部屋の前に着くと、シェリルさんが一つ大きく呼吸をしてから扉をノックをする。
「殿下、連れて参りました」
「ありがとう、中に入ってくれ」
……ほらね。
やっぱり僕の予想から大きくは離れていなかったよ。以前のように国王陛下では無かったが、王族であることには変わりない。
扉を開き、シェリルさんが応接室に入る。その後に続いて入ると、ソファーには一人の若者が腰掛けており、その後ろには壮年の男性が控えていた。
……この二人は見覚えがある。
「以前、一度だけこの屋敷で見かけたな」
「覚えていただき光栄です。バーナードと申します」
「ああ、知っている。随分と尽力してもらっていると陛下やアミルト候から聞いている」
第二王子、ウォーレン殿下。そしてその護衛の魔術師――そういえば名前を知らないな。特に名乗ってくれるようなことは無いようだ。居ないものとして扱えということか。
「バーナード君、ウォーレン第二王子殿下は、国王陛下と同じく近代錬金術の復活に日々尽力いただいているのよ」
「私が出来ることなど知れているよ。アミルト候に頼ってしまってばかりだ」
そう言って、ウォーレン殿下は苦笑いを浮かべる。それなりに気安い関係ではあるということなのだろうか?
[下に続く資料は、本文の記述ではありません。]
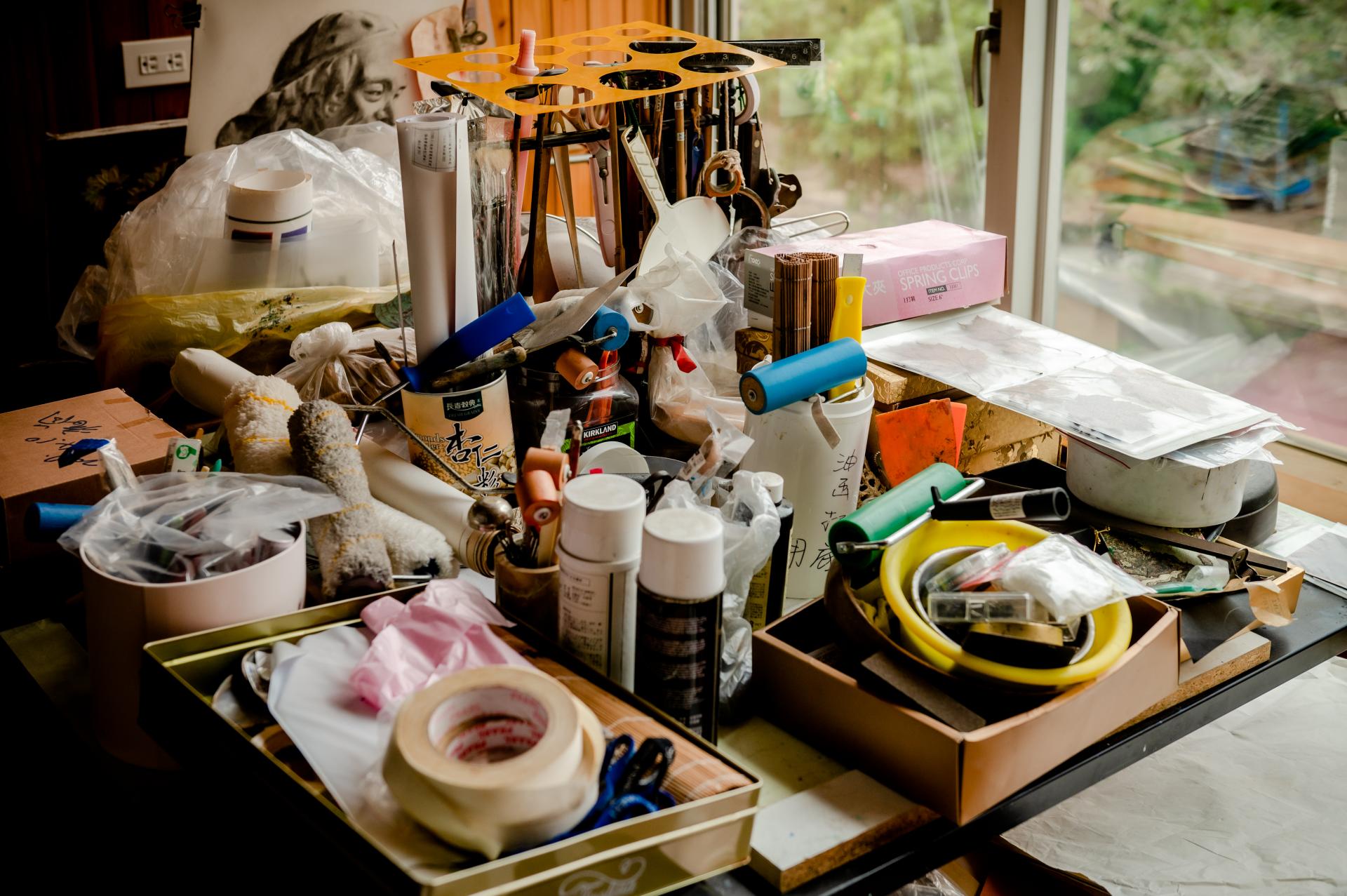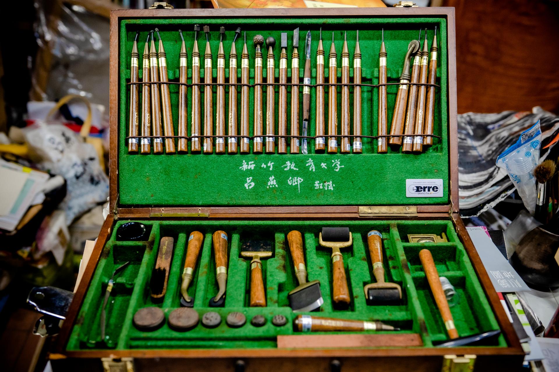 初見呂燕卿老師與師丈張老師,夫妻倆就像家人般親切地招呼。兩人是伴侶,也是最好的夥伴。張老師一手包辦家務、照顧孩子,也協助呂老師準備學校教材,多年來在呂老師的身後給予莫大支持。家裡的擺設與空間利用也以呂老師的藝術創作為優先,不同類型的畫作與畫具有著各自的歸屬,廚房一隅的壁櫥依照色系收納膠彩顏料;光線與通風良好的頂樓則放置油畫的畫架及畫具;若想要創作版畫或藏書票時,就會到固定刻版的地方;書房裡也有好幾櫃藝術相關書籍與教材,隨時可以查找資料。「別人看藝術創作好像很困難,事實上每天做就會變成習慣,這就是我的生活啦!」家裡幾乎每一處角落都成為固定創作的空間,呂老師早已將藝術融入生活,也從生活中汲取靈感,日復一日,持續用畫筆記錄她眼中的美。

ウォーレン殿下に促され、シェリルさんと横並びに対面のソファーに腰掛ける。それに合わせるように、シェリルさんの執事がカートを押して部屋に入ってきた。
ウォーレン殿下の前にあるティーカップを新しいものに交換し、僕とシェリルさんの前にも配置する。慣れた手つきでティーポットから注ぐと一礼して後ろに下がった。
ウォーレン殿下は左手でカップを持ち口に運ぶ。そして一口含んでからカップを置き、改めて僕を見る。
「今回、非公式にこの場を設けてもらったのは、もちろん理由あってのことだ。かねてよりアミルト候と進めていた計画に関して、陛下より正式に許しが出た」
「計画、ですか?」
「バーナード君にも以前から意見をもらっていた話よ」
僕の発した疑問に、シェリルさんが遠回しに答える。……ちょっと、そういった案件が多すぎて心当たりが絞りきれない。
その様子を見て、ウォーレン殿下が小さく笑う。シェリルさんらしい説明ではあるので、ウォーレン殿下も困ったことが何度もあるのかも知れない。
そして、一旦シェリルさんに向けていた視線を、改めて僕に向ける。
「都市間を繋いでいた転移網の復旧。そう言えばわかってもらえるかな?」
――都市間転移網、百年前の世界では多くの都市が転移陣で繋がっていた。その用途は物流はもちろん、人の移動にも広く利用されていた。
錬金狩りが行われ、転移陣をメンテナンスできるものがいなくなってしまったことで、ほとんどの転移陣は可動できなくなっている。
僕の記憶が正しければ、現存しているのは自己修復機能を持つ王都の転移陣のみだろう。事実上、その流通網は休眠状態となったというわけだ。
他の転移陣がどのような状態になっているのかは、現時点で確認もできていない。
その重要なインフラを復旧させる計画は、確かに以前から多く議論を行っていた。
しかし、ついにその段階まで来たということか。